Shlomo Filber, suspected of swaying government decisions in favor of Bezeq, told to stay away from office for another month

Shlomo Filber, director of the Communication Ministry, speaks at the Knesset in Jerusalem on July 24, 2016. (Yonatan Sindel/Flash90)
Shlomo Filber, director of the Communication Ministry, speaks at the Knesset in Jerusalem on July 24, 2016. (Yonatan Sindel/Flash90)

A court on Monday extended the ban on the director general of the Communications Ministry from his office for a further month, amid an investigation into suspected criminal wrongdoing.

Shlomo Filber is suspected to have worked illicitly to advance the interests of Bezeq, Israel’s largest telecommunications firm.

The court ordered him to continue to refrain from contacting officials at Bezeq and its related companies and officials at the Justice Ministry.

The Tel Aviv Magistrate’s Court extended the restrictions it placed on Filber two months ago, it said in a statement.

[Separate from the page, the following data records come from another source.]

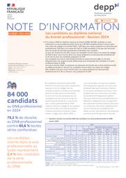 À la session 2024 du diplôme national du brevet (DNB), 84 000 candidats se sont présentés à la série professionnelle. Parmi eux, 80 100 candidats étaient inscrits dans une classe de collège à la rentrée 2023, 1 500 dans une classe préparant au baccalauréat professionnel, 500 dans une classe de CAP et 2 000 candidats n’ont pas été retrouvés dans les bases de données permettant d’identifier leur scolarité.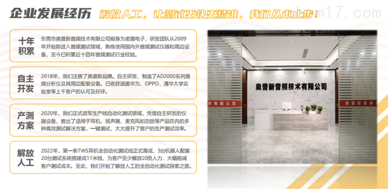 東莞市奧普新音頻技術(shù)有限公司創(chuàng)立于2018年,位于廣東省東莞市松山湖高新技術(shù)開發(fā)區(qū)工業(yè)南路4號松湖華科一棟6樓,是一家集研發(fā)、生產(chǎn)、銷售及服務(wù)為一體的自動(dòng)化音頻測試高科技企業(yè),公司擁有單機(jī)事業(yè)部、系統(tǒng)集成事業(yè)部和自動(dòng)化創(chuàng)新事業(yè)部,配備專業(yè)的研發(fā)實(shí)驗(yàn)室、消音室、生產(chǎn)車間、精密加工中心、品質(zhì)檢驗(yàn)測量室。核心研發(fā)團(tuán)隊(duì)在音頻測試領(lǐng)域深耕十多年,具備豐富的行業(yè)經(jīng)驗(yàn)和扎實(shí)的聲學(xué)基礎(chǔ),本著極至管理的目標(biāo)持續(xù)為客戶提供一站式高品質(zhì)音頻測試解決方案。把握時(shí)代脈搏,研發(fā)創(chuàng)新是企業(yè)永葆競爭力的源泉。奧普新是國家高新技術(shù)企業(yè),已獲得ISO、CE等國際質(zhì)量體系認(rèn)證,擁有20多項(xiàng)國家專力技術(shù)。因?yàn)楦鞣N聲音記錄著時(shí)代變遷,這些變遷通過音頻技術(shù)得以保存、交流與傳承,成為人類歷史的特殊記憶,而人類創(chuàng)新的歷史一次次刷新著聲音的表達(dá)極線,引嶺著人們追求更高品質(zhì)的卓悅生活,所以我們堅(jiān)持讓音頻測試快速響應(yīng)消費(fèi)者的真實(shí)需求,讓定制化產(chǎn)品成為尊貴客戶的專享。我們要?jiǎng)?chuàng)造一種新的音頻生態(tài)系統(tǒng),讓人類生活更健康、更快樂、效率更高。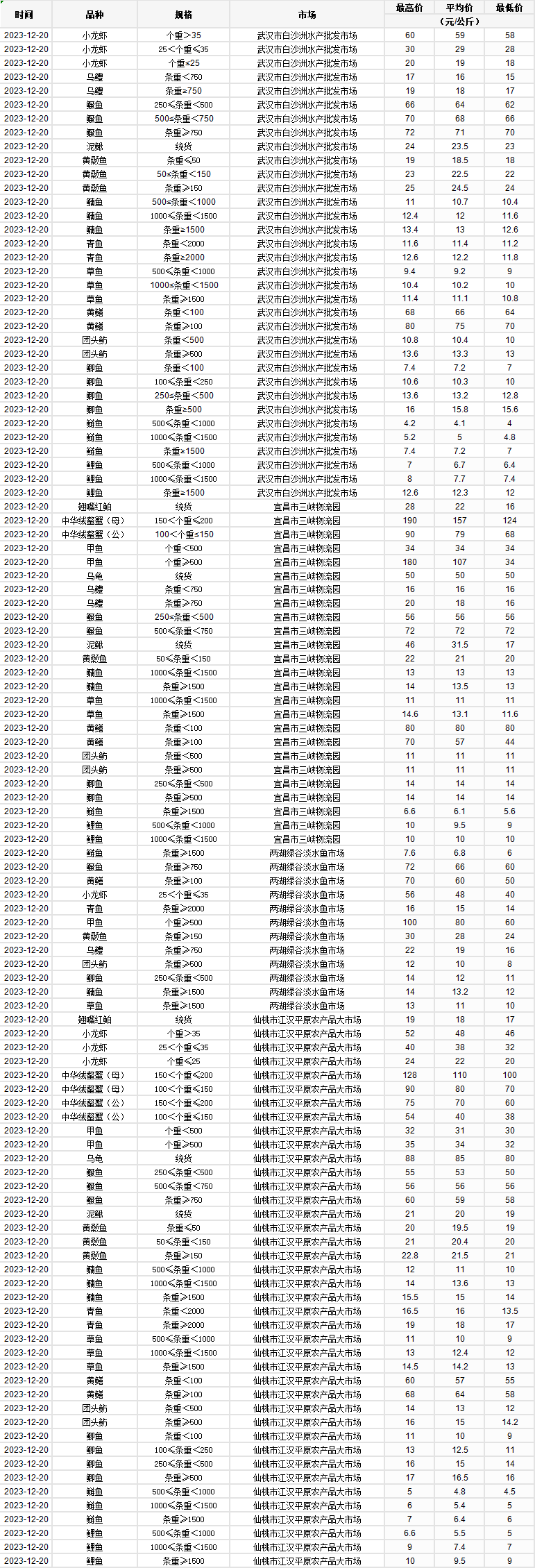 2023年12月20日 行情|湖北省主要水产品价格明细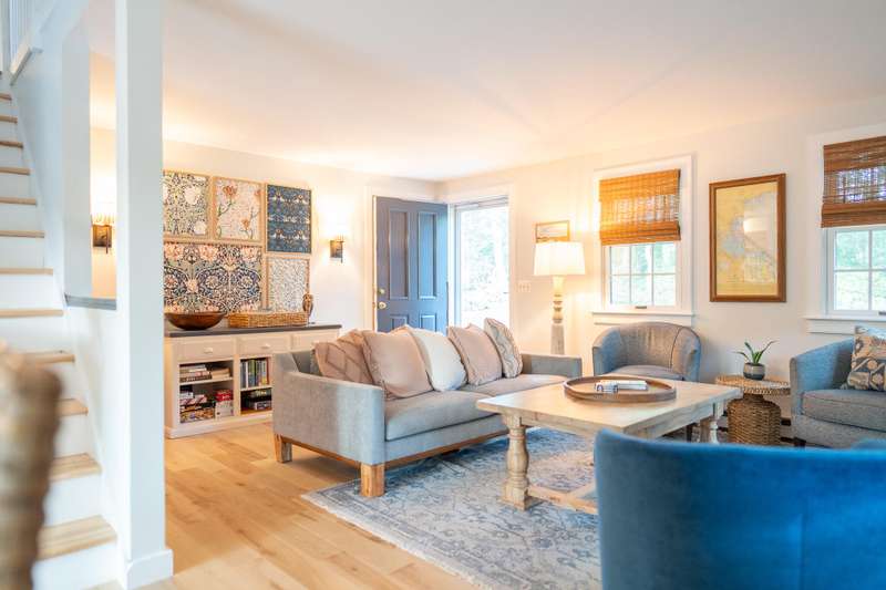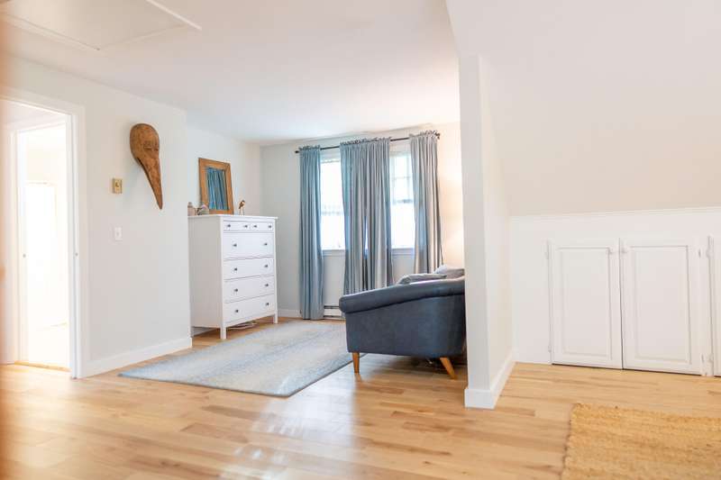 Charming Cape Cod Retreat, under a Mile to Cooks Brook Beach on Cape Cod Bay! Step into this beautifully renovated 3-bedroom, 2-bath home, which seamlessly blends timeless charm with modern comfort. Gorgeous birch floors flow throughout the house, setting a warm and inviting tone. The home features two spacious primary suites--one on each level--offering flexible living options and privacy for guests or multi-generational families. Upstairs, enjoy a cathedral-ceiling bedroom with a cozy sitting area, perfect for relaxing with a book or morning coffee. The updated bathrooms and convenient first-floor laundry add to the home's thoughtful design. Outside, the private yard is a true oasis, complete with a low-maintenance composite deck ideal for entertaining, a large shed, and mature landscaping that enhances the serene setting. The finished basement includes a workshop and walk-up access, providing excellent space for hobbies or additional living. Located in a quiet, sought-after neighbor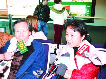 劉面換身穿傳統(tǒng)中式棉襖、藍(lán)色外套和白色圍巾出現(xiàn),雖然經(jīng)過十多小時(shí)的飛行,精神看起來仍然不錯(cuò)。前往接機(jī)的史維會共同主席列國遠(yuǎn),特別送上紅色大圍巾予以御寒。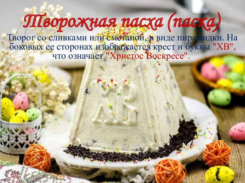 Творог со сливками или сметаной, в виде пирамидки. На боковых ее сторонах изображается крест и буквы "ХВ", что означает "Христос Воскресе ". Творожная пасха (паска)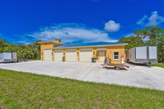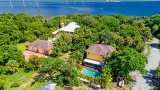 Estate Home with Guest House sitting on a 7.25 Acre parcel of Riverfront land, w/ 460' walk out dock. Calling all Car Collectors ,Very Private Estate Home with attached 2 car garage set back over 250'. Plus 2 Separate Large Garages perfect for Car collection ,3 car detached garage with A/C ,gym & bath,CBS 32X55, plus a new 5 car garage 72' X 32' with apartment , full A/C . High & Dry w/30 ft elevation ''per owner''. Main House 4600 under a/c 6,400 total. 10 ft ceiling Height,3 story, 4 bed, 4 bath, Granite Counters Kitchen & Baths,Double Oven, Media Room, Covered Balconies front and rear, Newer Aluminum Roof, Impact Windows 2nd & 3rd Floors, Electric Hurricane Panels first floor, 60,000 gallon free form resort salt water pool w/Spa , Horses OK
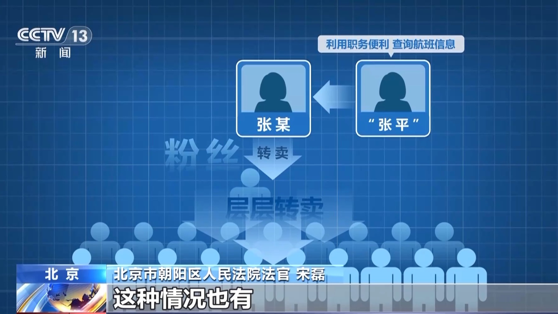 北京市朝阳区人民法院法官 宋磊:张某向上家去索取这些信息,正好她有相关的职务便利,可以查询到相关的信息,然后提供到她的下家,到了下家手里以后,下家可能还要再进行转卖。当然她的下家收到信息以后,有可能还要再向下家,再往下一层,再去贩卖,是一种层层加价的过程。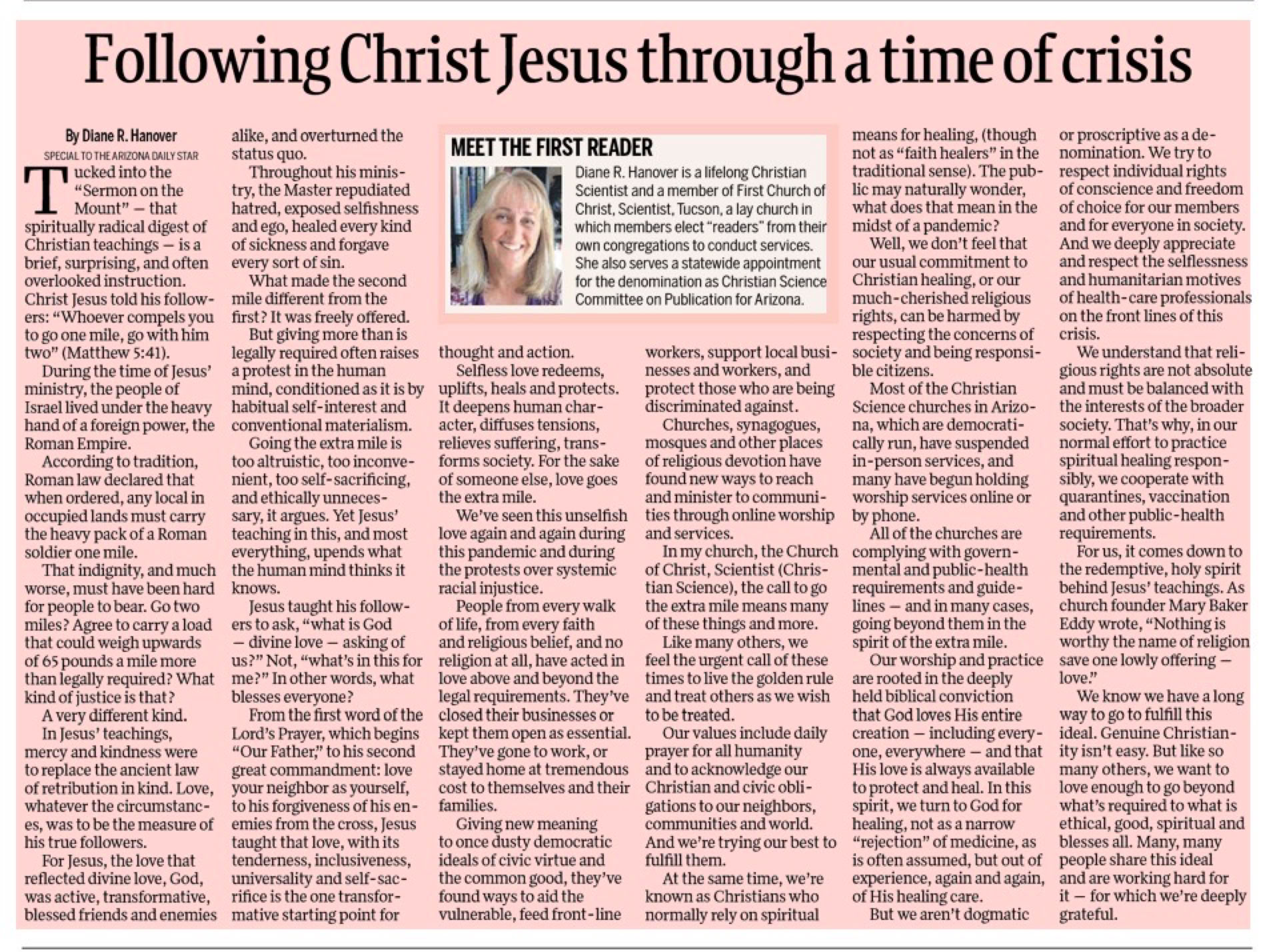 The Christian Science Joint Broadcasting Committee has established a phone number where one can listen to the weekly Christian Science Bible lesson sermons. More information on this can be found at christianscienceaz.com and click on the “broadcasting” link.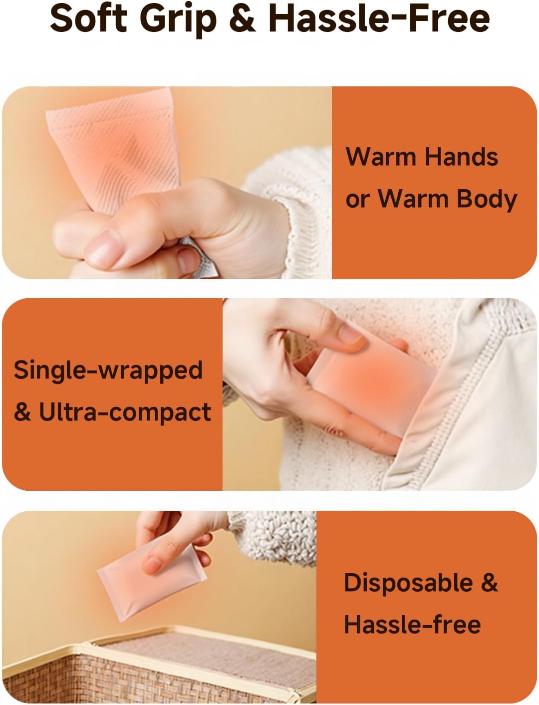 10hrs Long Lasting Warmth-Don’t just get warm—stay warm. These premium hand warmers are meticulously engineered for steady thermal performance, delivering reliable, comfortable heat for over 10 continuous hours. Whether you’re working outdoors, attending an all-day event, or exploring winter trails, you can trust in the lasting warmth of our disposable hand warmers. They outperform standard warmers, providing consistent comfort from morning until night, even in the coldest conditions.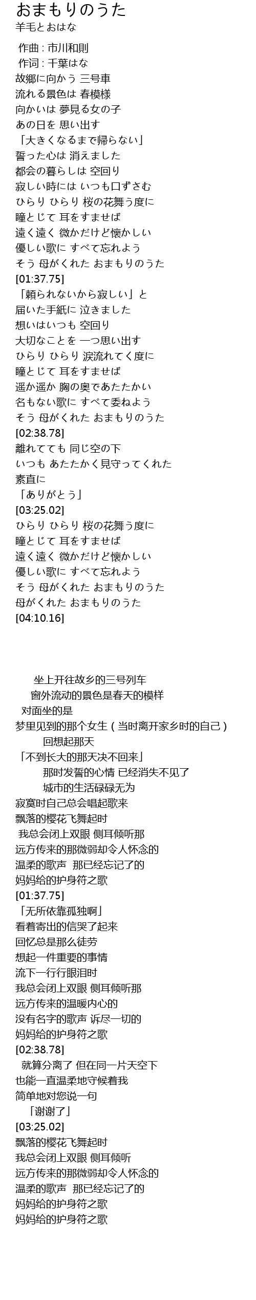 | [03:49.51] | そう 母がくれた おまもりのうた |

Filber is banned from any contact, direct or indirect, with his employees at the ministry until a decision is made about his temporary suspension from the post.

Filber had opposed the extension to the ban, while the Israel Securities Authority requested the ban be extended by five weeks.

“According to the material presented to me, the director general of the Communications Ministry was involved in many activities that raise the suspicion of criminal activity,” Judge Ronit Poznanski-Katz wrote in her judgment. “Additional material was added today that reinforces the reasonable suspicion.”

The legal adviser of the ISA told the court that Filber had “deleted various communications from his cellphone.”

Also on Monday, the court agreed to a request from the ISA to extend the restrictions placed on Bezeq secretary Linor Yochelman until November 1.

Although Yochelman recently returned to work at Bezeq she is barred from leaving the country or contacting any of the other involved in the investigation. However, the authority has allowed her to contact several people who she was previously forbidden to contact.

On July 26 the court instructed Filber to continue to be available, as needed, for interrogations and not to contact investigators directly or indirectly. He was also barred from accessing computer files that are connected to the investigation. The court also kept in place the requirement that Filber not leave the country for 180 days starting July 12 and maintained the NIS 400,000 ($112,000) bond requirement.

An ally and appointee of Prime Minister Benjamin Netanyahu, Filber was interrogated by the Israel Security Authorities earlier this month on suspicions of ethics violations and securities fraud regarding his involvement with Bezeq, headed by Shaul Elovitch, said to be a friend of the Israeli premier.

Filber, Netanyahu and Elovitch have denied any wrongdoing.

Shoshanna Solomon contributed to this report.